The image processing method provided by the embodiment of the present application will be described in conjunction with exemplary applications and implementations of the terminal provided by the embodiment of the present application.
An embodiment of the present application provides an image processing method, which is applied to a computer device, where the computer device may be a terminal or a server, and in the embodiment of the present application, the computer device is taken as an example for description. Fig. 4 is a schematic flow chart of an implementation of the image processing method provided in the embodiment of the present application, and the image processing method provided in the embodiment of the present application will be described below with reference to the steps shown in fig. 4.

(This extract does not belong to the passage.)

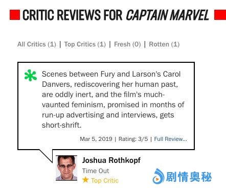 3月5日《惊奇队长》首映后一个媒体评价偷跑,来自《Time Out》影评人Joshua Rothkopf为电影打出了60/100分,此评论由于态度比较负面,被烂番茄列为差评。

Step S101, obtaining an image to be processed, a trained first model and a trained second model.
In the embodiment of the application, the to-be-processed image acquisition may be an image acquired by an image acquisition device of the acquisition terminal in real time, or each video frame image in a video acquired by the image acquisition device, and at this time, the to-be-processed image is a real face image.
The trained first model and the trained second model may be neural network models, deep learning network models, convolution network models, or the like. The training process of the first model and the second model may be implemented by the server, and when implemented, the terminal may obtain the trained first model and the trained second model from the server.

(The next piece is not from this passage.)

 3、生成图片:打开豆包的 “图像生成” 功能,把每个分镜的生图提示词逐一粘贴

And S102, performing prediction processing on the image to be processed by using the trained first model to obtain a first key point set.
In the embodiment of the present application, the first model may be a lightweight neural network model, for example, a mobileNet series neural network model: mobilonetv 2, mobilonetv 1, mobilonetv 3, etc., although the first model may be other types of neural network models, the type of the first model is not limited in the embodiments of the present application.
The first model is exemplified as mobileNetV 2. When the step is realized, the trained first model firstly expands the input low-dimensional compressed representation to a high-dimensional compressed representation, then uses a lightweight deep convolution for filtering, and finally uses a linear convolution to project the features back to the low-dimensional representation, thereby obtaining a first key point set.
In this embodiment of the application, the first keypoint set may be a keypoint corresponding to a certain organ in facial features, for example, a keypoint corresponding to an eye region, a keypoint corresponding to an eyebrow region, or a keypoint corresponding to an ear region. The first keypoint set comprises the first keypoints and the position information of the first keypoints.
Step S103, determining a target area image from the image to be processed based on the first key point set.
The step is realized by connecting adjacent first key points based on the position information of the first key points in the first key point set, so as to determine the target area image from the image to be processed.
And step S104, performing prediction processing on the target area image by using the trained second model to obtain a second key point set.
Here, the first set of keypoints is a subset of the second set of keypoints, that is, the first keypoints are sparse keypoints, and the second set of keypoints is dense keypoints. The first set of key points is used to preliminarily specify the position of a portion to be subjected to special effect processing. The second key point set is used for carrying out special effect processing on the target area image.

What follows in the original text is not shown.